===== Source material

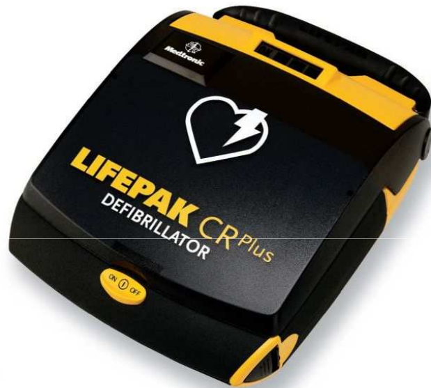
Abbildung eines AED-Gerätes
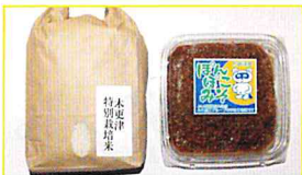
JA木更津市 にこまる・ぼんぼこ味噌
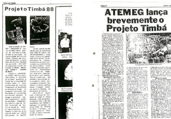
Figura 5: Jornais sobre o Projeto Timbá em 1988
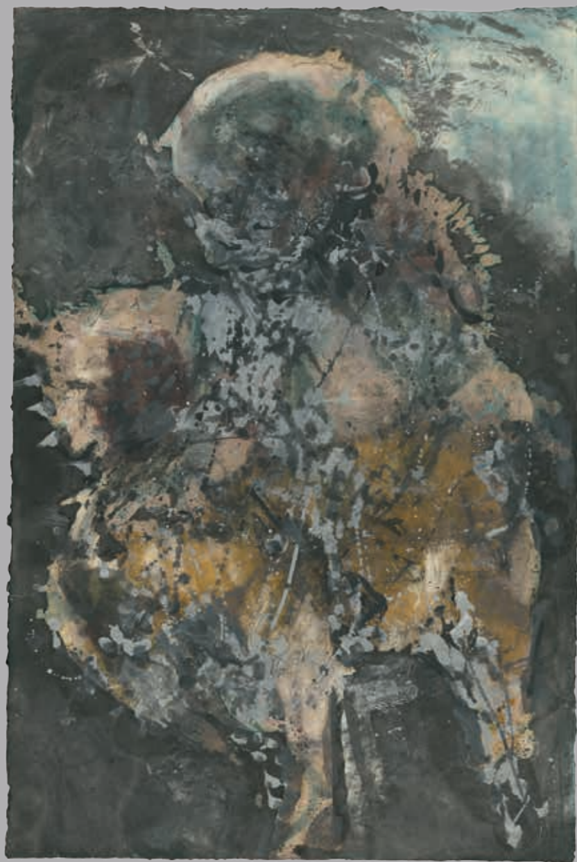
Zurück in die Nacht · 2006 · Beize, Aquarell und Tusche auf Japan
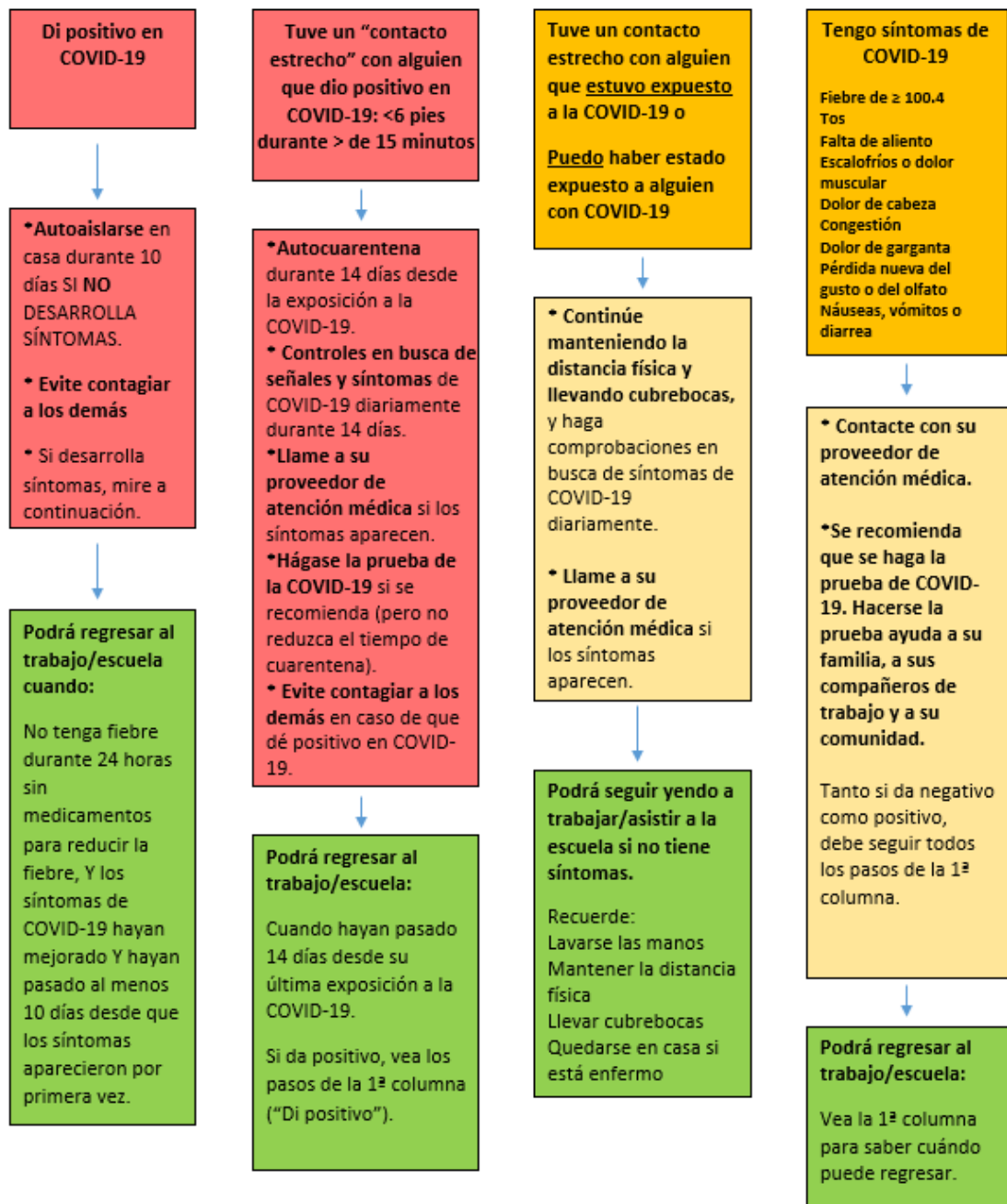
DIAGRAMA DE FLUJO "AHORA QUÉ"

==========

Would you write out every record word for word, leaving no picture in?

[Response]
Abbildung eines AED-Gerätes
JA木更津市 にこまる・ぼんぼこ味噌
Figura 5: Jornais sobre o Projeto Timbá em 1988
Zurück in die Nacht · 2006 · Beize, Aquarell und Tusche auf Japan
DIAGRAMA DE FLUJO "AHORA QUÉ"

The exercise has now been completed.